Relationships to draw:

USER ─||──o{─ ADDRESS (user has many addresses)
USER ─||──o{─ ORDER (user has many orders)
ADDRESS ─||──o{─ ORDER (an address is used by many orders)
PRODUCT ─||──}o─ PRODUCT_CATEGORY ─o{──||─ CATEGORY (M:N via junction)
CATEGORY ─|o──o{─ CATEGORY (recursive: parent / children)
ORDER ─||──|{─ ORDER_ITEM (order has at least one item)
PRODUCT ─||──o{─ ORDER_ITEM (product appears in many items)
ORDER ─||──o{─ PAYMENT (order can have many payments — retries, partial refunds)

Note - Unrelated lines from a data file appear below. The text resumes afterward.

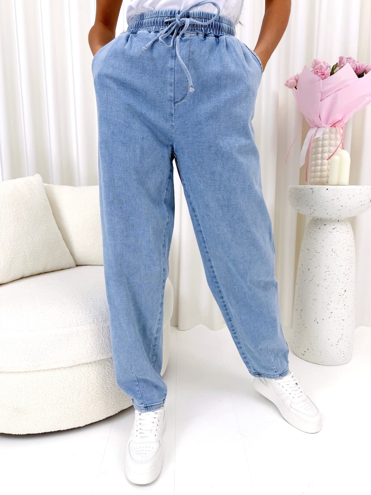 Wygodne Niebieskie Jeansowe Spodnie Balloon z Gumką w Pasie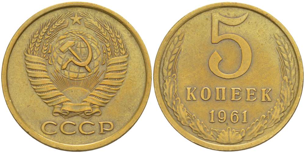 СССР 5 КОПЕЕК 1961 БУКВА Р ОТСТАВЛЕНА ВПРАВО, МЕЖДУ ЛИСТЬЯМИ ВЕНКА ЕСТЬ ЛИНИИ, СРЕЗЫ НЕ СОЕДИНЕНЫ KM 129а, Федорин 105 алюминиевая бронза 4531-211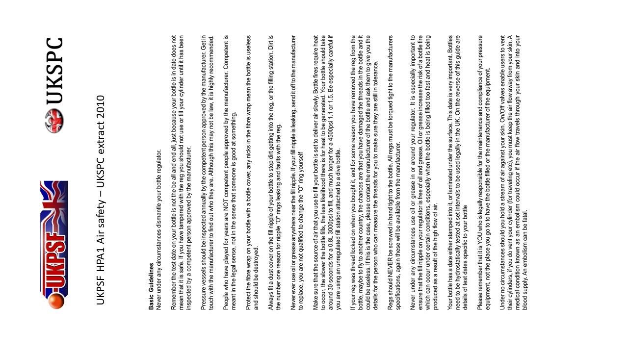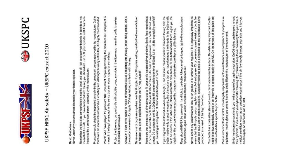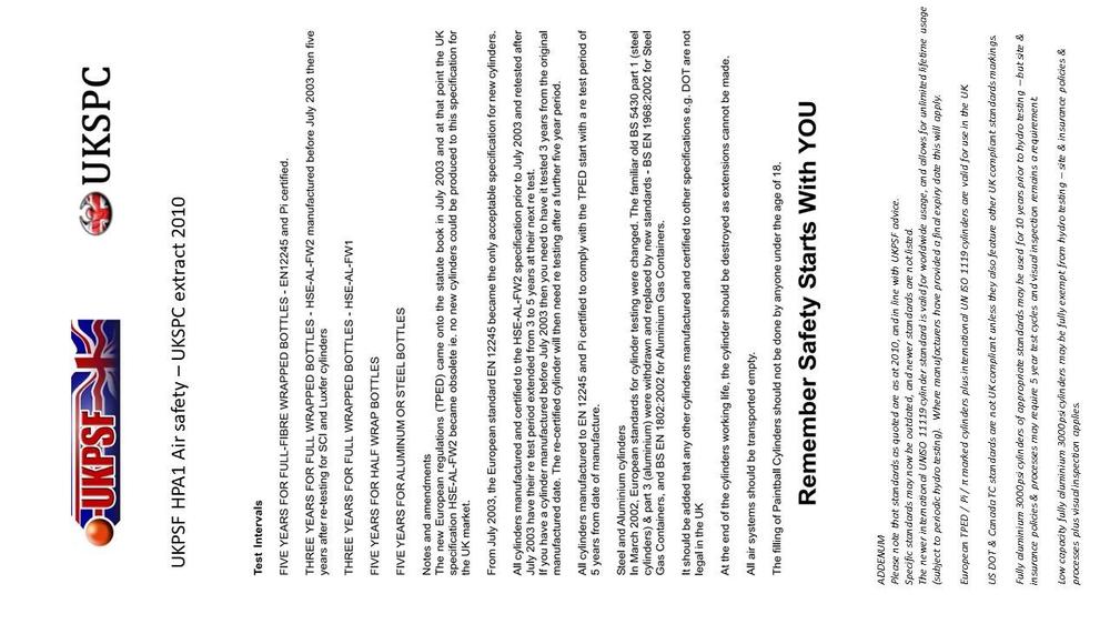 Some extra general awareness on air cylinder safety: The HPA1 air safety document was originally produced by the UKPSF (UK paintball representative body), and the version below is as distributed in 2010 by the UKSPC (a collective of event organisers), and has some additional comments of my own

Draw it on the board, one cluster at a time:

Start with USER in the center.
Add ADDRESS (1:N from user).
Add ORDER (1:N from user, 1:N from address).
Add ORDER_ITEM (1:N from order, 1:N from product).
Add PRODUCT (linked from ORDER_ITEM).
Add PAYMENT (1:N from order).
Add CATEGORY + PRODUCT_CATEGORY (M:N between product and category).

Concepts to name out loud:

This is the central entity strategy — pick the most-connected entity (USER or ORDER) and draw out from it. Spaghetti ERs come from starting in a corner and adding entities randomly.
This is why price_at_purchase exists on ORDER_ITEM — products change price over time, but a historical order must show the price the customer actually paid. Without this column, refunds and accounting break. The diagram makes this design decision visible.
This is the recursive relationship on CATEGORY — parent/child relationships in the same table. A category can be a subcategory of another category. parent_category_id is nullable (top-level categories have no parent).

Common gotchas:

Forgetting the junction PRODUCT_CATEGORY → many-to-many without a junction is unimplementable. Always draw it.
Storing quantity on PRODUCT instead of ORDER_ITEM → conflates "stock on hand" with "how many were ordered." Two different things, two different columns.
Making ADDRESS.user_id non-null AND making ORDER.address_id reference it → fine, but be sure the address can't be deleted while an order references it. ER diagrams don't show deletion rules; they're a separate conversation.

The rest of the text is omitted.